Justice Avason Quinlan-Williams -
Justice Avason Quinlan-Williams -

THE CONSEQUENCES of an archaic, overburdened and delay-plagued justice system are writ large by the constitutional case brought on behalf of a child rape victim who was forced to sue the State because of the excessively slow pace of criminal proceedings against her alleged assailant.

Justice Avason Quinlan-Williams, hearing the constitutional matter, this week ordered the State to pay $60,000 as compensation; and to ensure the claimant receives psychological counselling. But no amount of money will ever truly erase the sense of violation in a case that has dragged on far too long.

So slow has the pace of justice been that the victim, who was age 16 at the time of the facts in question, is now an adult. The alleged rapist first appeared in court six years ago.
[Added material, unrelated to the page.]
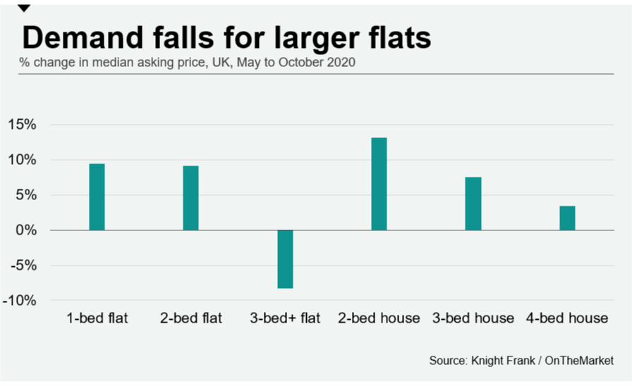 The median asking price of a three-bedroom-plus flat dropped 8.7% between May and October in the UK, an analysis of OnTheMarket data shows. It was the only property type analysed to record a decline over this period, as the below chart shows. Meanwhile the median asking price for a two-bedroom house rose 13.2%, the largest such increase, indicating how demand has shifted. See bottom for full numbers.

He was only committed to stand trial last year.

“What the record of the proceeding showed was that the criminal case lumbered through the court without regard to claimant being a child,” said the judge. “The inexcusable delays prolonging the criminal proceedings has caused the claimant to experience trauma from being chastised and humiliated by the defence attorney and from having to repeatedly face her alleged rapist.”

If it is immoral that thousands of people, presumed innocent, must languish in remand for years pending trials, it is obscene that a child complainant can be forced to relive the trauma of her ordeal over almost a decade.

While it is important to observe that no criminal conviction has yet been recorded in this matter, that is actually the heart of the complaint here.

There is a reason why a separate court system was devised to handle matters involving minors, so that such cases could be dealt with sensitively, expeditiously and with the requisite consideration for the welfare of the child.

Unfortunately, the Children’s Court was only operationalised in 2018. Prosecutors may have been reluctant to transfer the matter there due to the court’s remit of dealing with cases of children accused of breaking the law or children in need of supervision, care or protection.

Whichever way this mandate is interpreted, officials may not have envisioned the case dragging on for as long as it has.

Presiding officers may have also been placed between a rock and a hard place: either throw out the case given the delays and let the alleged perpetrator return to life cleared or allow it to drag on given the possibility of some judicial determination or justice down the road.

Plainly, there needs to be a reconsideration of the legal remit of divisions charged with tackling juvenile matters. At the very least, all stakeholders should heed, as a matter of public policy, in case management and elsewhere, the special needs of children.